На указанные в жизнеописании Грибоедова отношения его к Одоевскому я и
начну именно свои замечания. Мнение, что Одоевский мог "охранять страстного
и порывистого Грибоедова от всяких уклонений в сторону", положительно
ошибочно.
Такого влияния Одоевский никак не мог иметь по двум весьма важным и
очевидным причинам. Во-первых, не много можно найти людей, способных так
увлекаться, как увлекался Одоевский. Редко встречаются люди, так легко
переходящие от восторженного удивления к самому язвительному порицанию, от
дружбы к вражде и обратно, как это случалось с Одоевским, и очень часто без
достаточного для того основания. Я полагаю, что не ошибусь, если скажу, что
в целом казематском обществе едва можно насчитать три, четыре человека (могу
говорить беспристрастно, потому что был именно в числе их), которых
Одоевский не задел бы своими эпиграммами, нередко весьма язвительными, как,
например, известная эпиграмма на А. З. М<уравьева> {3}. Даже и те из наших
дам казематского общества, которых он же превозносил в восторженных
стихотворениях, не избегли его эпиграмм при малейшем на них неудовольствии.

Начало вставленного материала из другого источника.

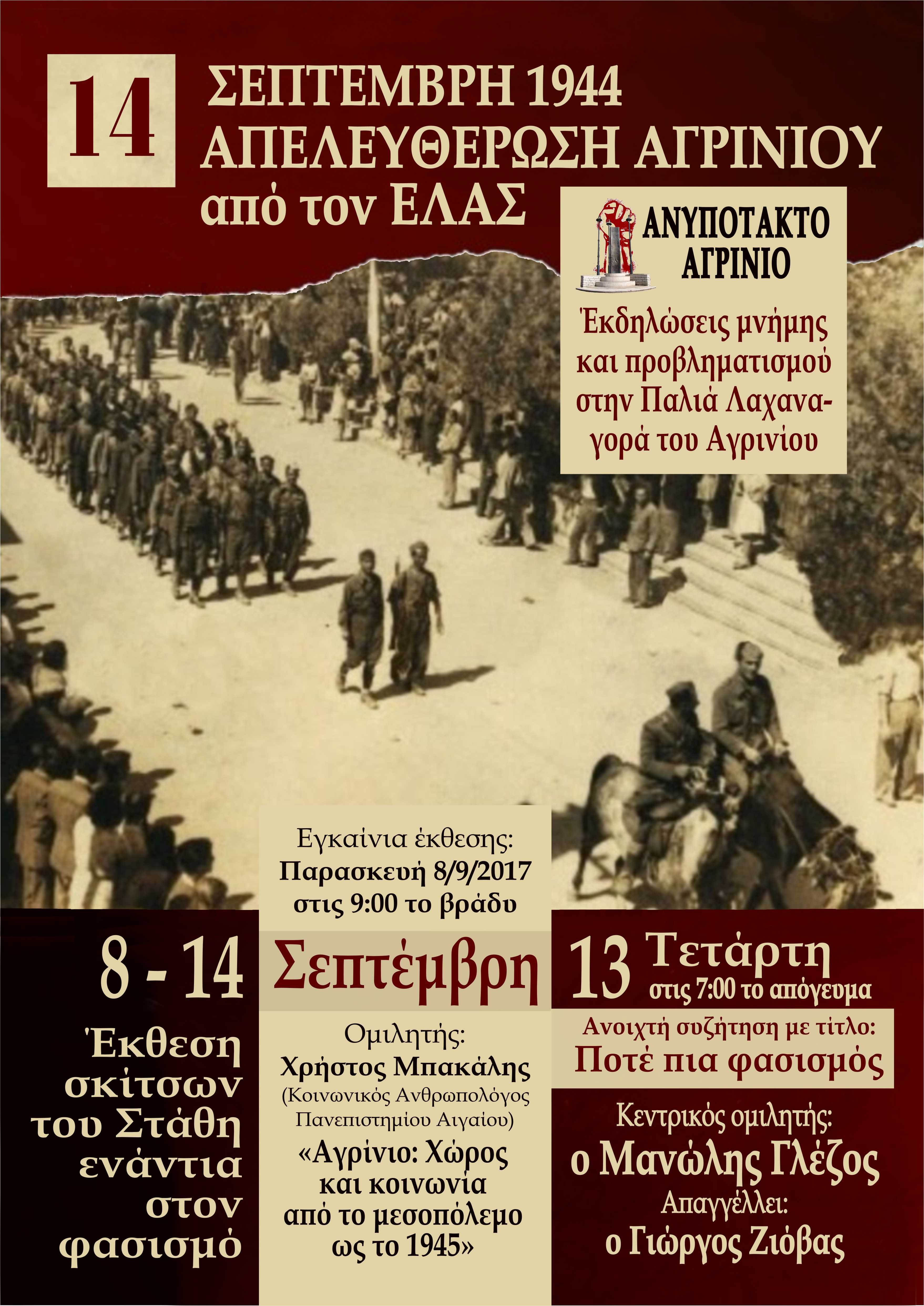 Το ΑΝΥΠΟΤΑΚΤΟ ΑΓΡΙΝΙΟ, επιθυμώντας να αναδείξει την επέτειο της απελευθέρωσης της πόλης του Αγρινίου από την Γερμανική και Ταγματασφαλίτικη Κατοχή στις 14 Σεπτέμβρη του 1944, διοργανώνει μία σειρά εκδηλώσεων μνήμης και πολιτικού προβληματισμού με κεντρικό σύνθημα: «Ποτέ πια φασισμός».

Впрочем, слишком известная неустойчивость Одоевского в идеях и в отношениях
к людям засвидетельствована им самим в резком противоречии ответа на
послание Пушкина и дифирамба на наводнение 1824 года в Петербурге, с одной
стороны, с известным стихотворением "К отцу", с другой.
Понятно, думаю, поэтому, что человек, до такой степени способный сам к
увлечению, не мог охранять от увлечений других. Сверх того, существовала и
другая, самая естественная причина, почему Одоевский никак не мог быть
ментором Грибоедова. В первую эпоху пребывания Грибоедова в Петербурге
Одоевский был еще дитя: в последний же приезд Грибоедова в северную столицу,
в 1824 году, Грибоедов был уже вполне возмужалый человек, лет тридцати,
достаточно уже опытный в жизни, тогда как Одоевский был все еще почти
юношей, и притом едва только произведенным в корнеты из юнкеров,
следовательно, ни в каком отношении не мог иметь опытности, необходимой для
руководства других.
Но Одоевский действительно сослужил добрую службу Грибоедову, хотя и по
совету других, охранив его в одном, весьма важном для последствий отношении.

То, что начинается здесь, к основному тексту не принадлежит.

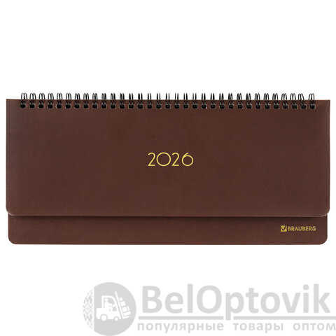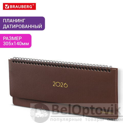 Планинг датированный 2026 305х140 мм BRAUBERG "Select", под кожу, коричневый, 117233

Дело в том, что в продолжение долгого, восьмилетнего отсутствия Грибоедова
из Петербурга, именно сильнее, чем когда-либо до того, развилось в этой
столице Тайное общество, и в нем получили значение люди мало известные и
даже вовсе не известные Грибоедову. Вследствие этого понятно, что Грибоедов,
человек увлекающийся и крайне неосторожный в выражениях, легко мог вдаваться
в излишнюю откровенность даже с такими людьми, которые, при случае, могли
выдать и Грибоедова, как выдали других. Вот от слишком интимных сношений и
политических разговоров с такими людьми, указанными Одоевскому, он и
предостерегал Грибоедова, верившего ему, зная его к себе привязанность и не
оскорблявшегося поэтому его советами, как легко мог по самолюбию
оскорбиться, если бы советы подавал кто другой. Особенно важно было
предостеречь Грибоедова от слишком откровенных политических рассуждений с
теми из членов Тайного общества, которые не славились ни скромностью, ни
твердостью характера, но с которыми Грибоедову приходилось часто видеться по
литературным отношениям, как, например, с А. Б<естужевым> {4}. Это
действительно и спасло впоследствии Грибоедова, потому что его близкие
сношения были с такими только членами, которые ни одним словом не
компрометировали ни его, ни других, даже таких, на кого иные члены делали
уже показания, хотя и бездоказательные.
Странно мне также показалось в приложенном к собранию сочинений
Грибоедова мнении Белинского, что рукопись "Горя от ума" начала будто бы
ходить по рукам только с 1832 года (если это не опечатка - вместо 1823 г.).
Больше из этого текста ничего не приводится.